More foolish commentators, including some who have presumably bought into that Arafat-led effort to falsely depict Israel as the serial derailer of peace efforts, have lately taken to mis-portraying this tentative Israeli embrace of something akin to blessed normality. They cite it, perniciously, as evidence that we are no longer interested in a permanent accommodation with the Palestinians. Time magazine’s now notorious assertion, in a cover story earlier this month, that “Israel doesn’t care about peace” – that we are “otherwise engaged... making money... enjoying the rays of late summer... [and] have moved on” – is a particularly risible such misrepresentation.
HOW IGNORANT are such commentators of our mindset.

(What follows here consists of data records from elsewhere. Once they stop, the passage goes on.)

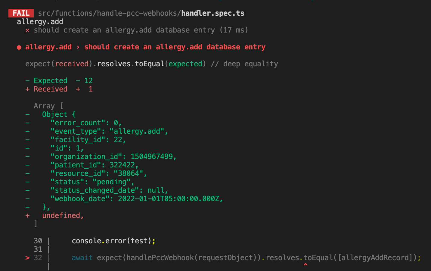 export const prismaClinicalMock = prisma as unknown as DeepMockProxy<PrismaClient>;到目前为止,所有事情都遵循Prisma单元测试文档概述的约定。我所做的唯一的修改就是让它成为特定于数据库的东西。下面是我的功能和测试。handle-pcc-webhooks.ts中的请求对象是一个示例http请求对象,它的主体包含我关心的web钩子数据。
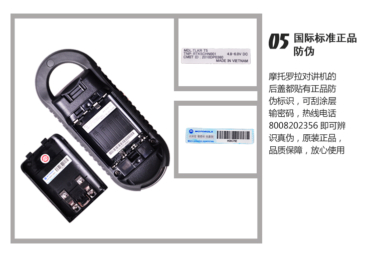05 国际标准防伪摩托罗拉对讲机的后盖贴有防伪标识,可刮涂层输密码,热线电话8008202356即可辨识真伪,原装,品质保障;
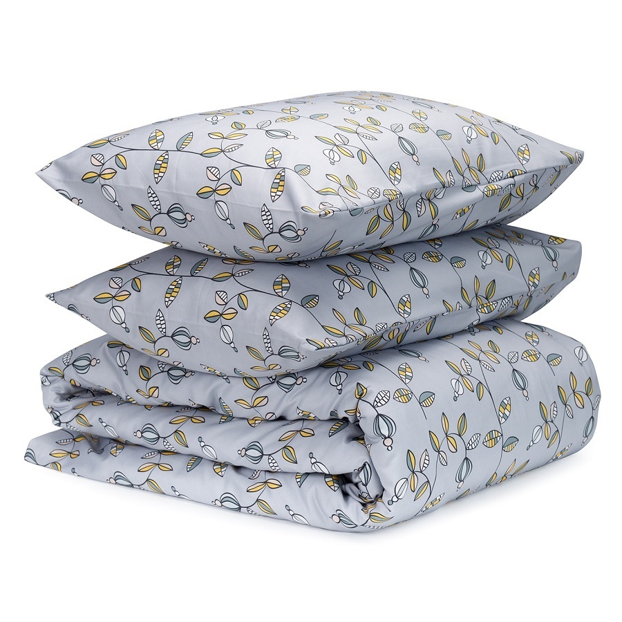 "Комплект постельного белья из сатина с растительным принтом ",Ягоды тайги", из коллекции Russian North добавит атмосферу природы русского севера в ваш интерьер. Разбавив его наволочками и простыней светло-серого или горчичного цветов из коллекции Essential, вы получите готовое дизайнерское решение для вашей спальни. Хлопковый сатин плотностью 210 ТС приятен на ощупь и обладает естественным блеском. Он не теряет внешний вид даже после множества стирок, не деформируется и не линяет, на нем не образуются катышки.

How stupid do they take Israelis to be? How can we possibly have “moved on”?
We, who live in a country surrounded by hostility. We, who send our children off to the army, knowing that they will truly be risking their lives for so long as we are unable to achieve normalized ties with the Palestinians and those numerous other nations, led by Iran, that are determined to wipe us out. We, who do not for a moment mistake this current, all-too fragile calm for a sustainable reality of peace. We, who have watched Hizbullah and Hamas rearm with rockets that can reach over any fence and now hit any target in the country.
We, finally, who have not forgotten the mangled, smoking buses, the smashed restaurant windows and ceilings, the orphaned baby strollers, children’s shoes and school satchels in the aftermath of bomb blasts. The pools of blood and the scattered chunks of human flesh. The more than 1,000 families torn apart, never to recover.
OUR VERY existence depends on the processes now playing out behind closed doors in Washington, Sharm e-Sheikh and Jerusalem.
And our ostensible new partner may be no terror-fostering Arafat, but he has thus far chosen not to energetically champion, to his own people, the cause of compromise with ours. We wish that he had done so; we will not blind ourselves to the fact that he has not.
Mahmoud Abbas has yet to acknowledge the right of the Jewish people to this sovereign state in our historic homeland. He declares, on the one hand, that he seeks to work with us for peace, but vows, on the other, that he will not countenance “even one concession” on the vexed, disputed issues where compromise is central to any viable accord.
Is this the climate in which our prime minister, now a repeated advocate of Palestinian statehood, should agree to extend the settlement freeze he reluctantly introduced last November? Would this discredit him politically, and represent a counterproductive concession to that declaredly intransigent, noncompromising Abbas? Or would it demonstrate, again, the positive intent Netanyahu showed 10 months ago, and thus, perhaps, this time, improve the climate in talks we hope fervently will produce a sustainable peace?
The way forward, in a climate of mutual goodwill, would lie in the middle ground between these two questions: Is it not an Israeli interest in any case to extend the freeze in areas where we do not envisage expanding sovereignty? And why would Abbas have a problem with Israel building in areas he knows it will retain?
WE HAVE wrenching decisions to make, under a prime minister who sounds more conciliatory week by week and is better positioned politically than any of his recent would-be peacemaking predecessors to bring the overwhelming majority of his people along with him. Abbas, it would seem, has a longer road to travel. We urge him, simply, to take it.
By eerie coincidence, this latest negotiating effort is gathering pace exactly 10 years after the outbreak of the terror war marked the end of the last one.
Our unbearable second intifada losses constitute terrible evidence of the potential costs of new missteps. We know it could be worse still, next time. But those losses also underline the extraordinary potential benefits if, this time, the Palestinians truly want to find a way forward with us.
Nobody needs to remind Israelis about any of this – not about the costs, not about the benefits. And nobody should have the gall to tell us we don’t care about peace. Our lives are at stake.